■ DATA
*** Block opens ***
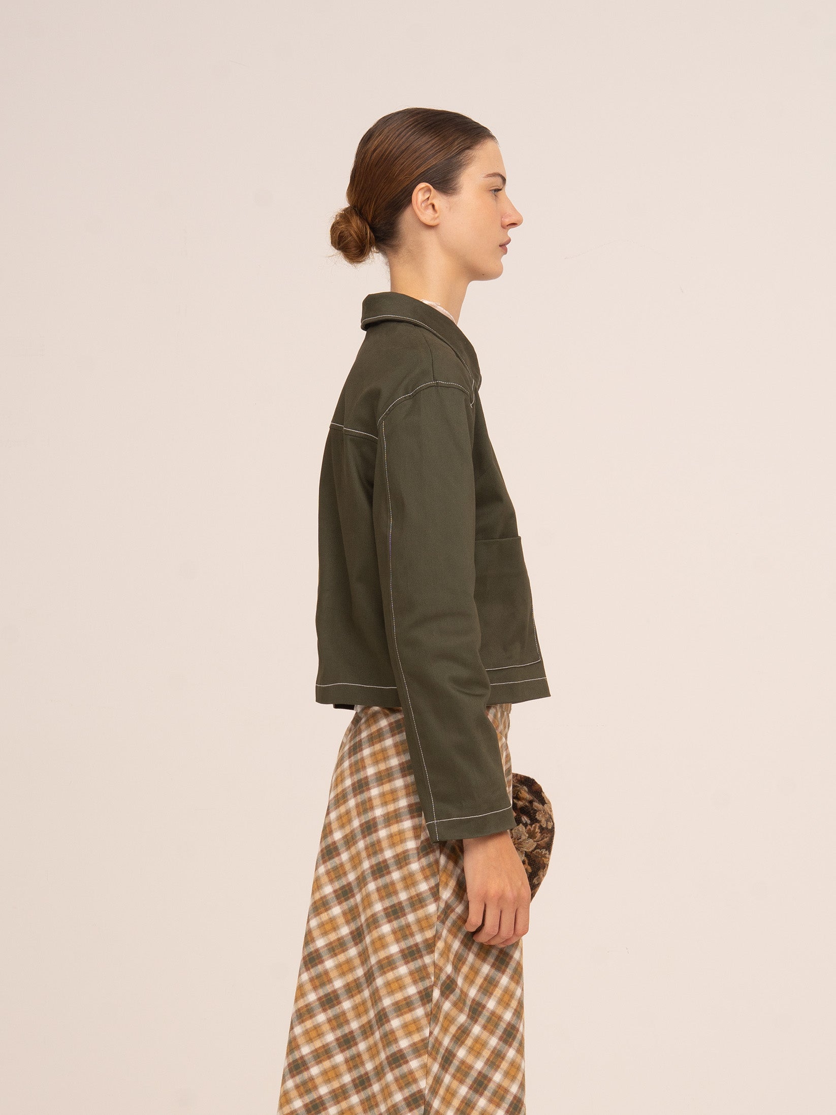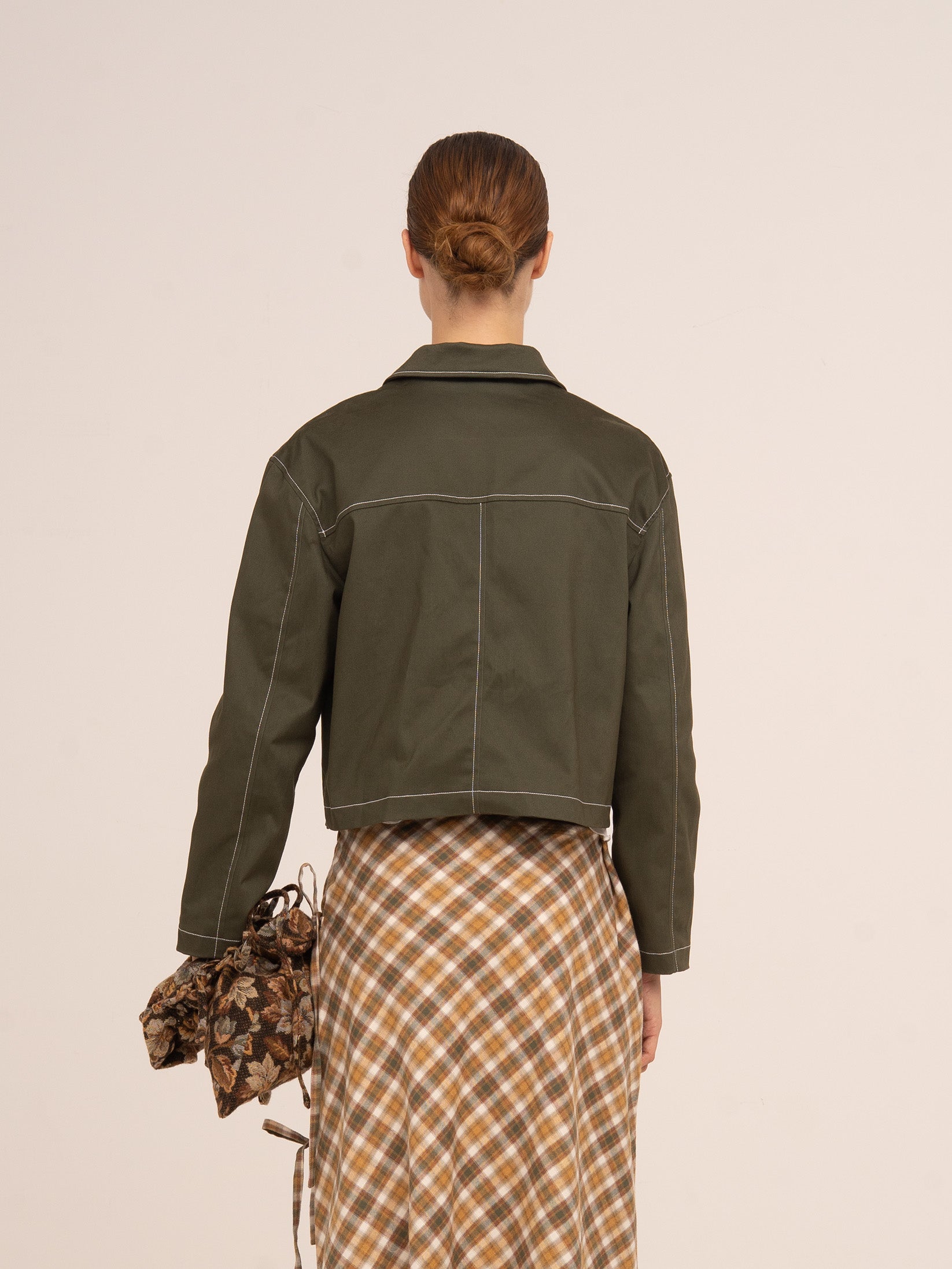 Chaqueta en tono verde. De manga larga. Detalle de bolsillos en el delantero. Cierre mediante botonadura central.
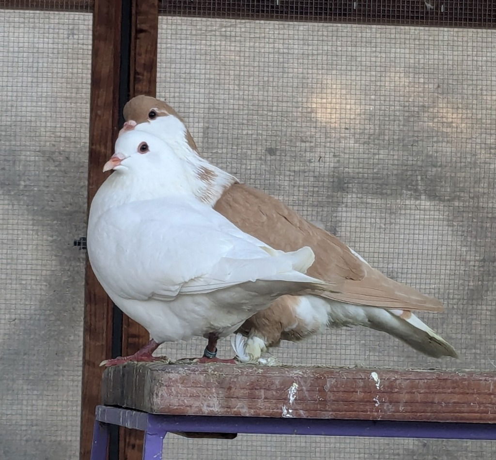 Meet Latte! Latte is a big, gentle, puffy, curious, quiet, soft cutie patootie that was lucky to make it into the hands of someone familiar with Palomacy when she showed up lost, hungry, and alone in a neighborhood. In her foster home, she is friendly with the other pigeons and doesn’t mind hanging out with humans. It was a matter of days before a perfectly symmetrical king pigeon named Bumper wooed her. They are now enjoying a safe life together in a foster aviary. They will likely do well in either an outdoor aviary or an indoor home that wants to spoil and love them both.Please apply to adopt http://www.pigeonrescue.org/birds/apply-to-foster-or-adopt/
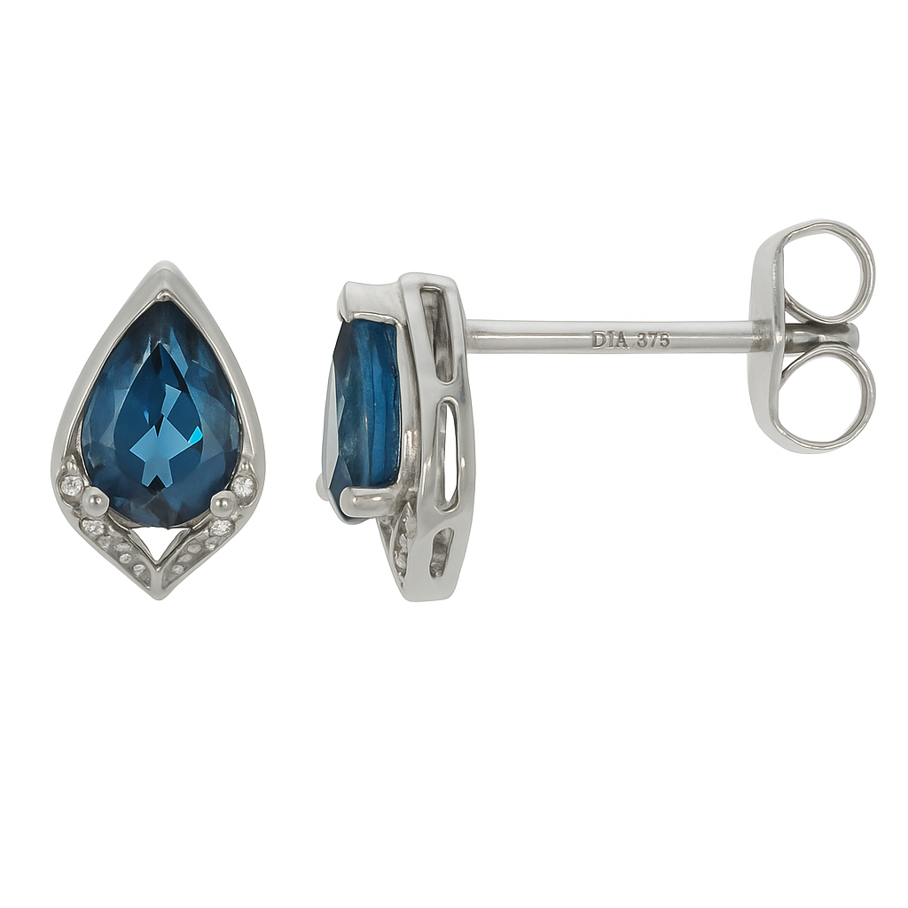 9ct White Gold Pear Cut London Blue Topaz & 0.01ct Diamond Studs
*** Block closes ***
■ YOUR ASSIGNMENT
Repeat every line above exactly, but omit all images.

■ EXPECTED OUTPUT
 Chaqueta en tono verde. De manga larga. Detalle de bolsillos en el delantero. Cierre mediante botonadura central.
 Meet Latte! Latte is a big, gentle, puffy, curious, quiet, soft cutie patootie that was lucky to make it into the hands of someone familiar with Palomacy when she showed up lost, hungry, and alone in a neighborhood. In her foster home, she is friendly with the other pigeons and doesn’t mind hanging out with humans. It was a matter of days before a perfectly symmetrical king pigeon named Bumper wooed her. They are now enjoying a safe life together in a foster aviary. They will likely do well in either an outdoor aviary or an indoor home that wants to spoil and love them both.Please apply to adopt http://www.pigeonrescue.org/birds/apply-to-foster-or-adopt/
 9ct White Gold Pear Cut London Blue Topaz & 0.01ct Diamond Studs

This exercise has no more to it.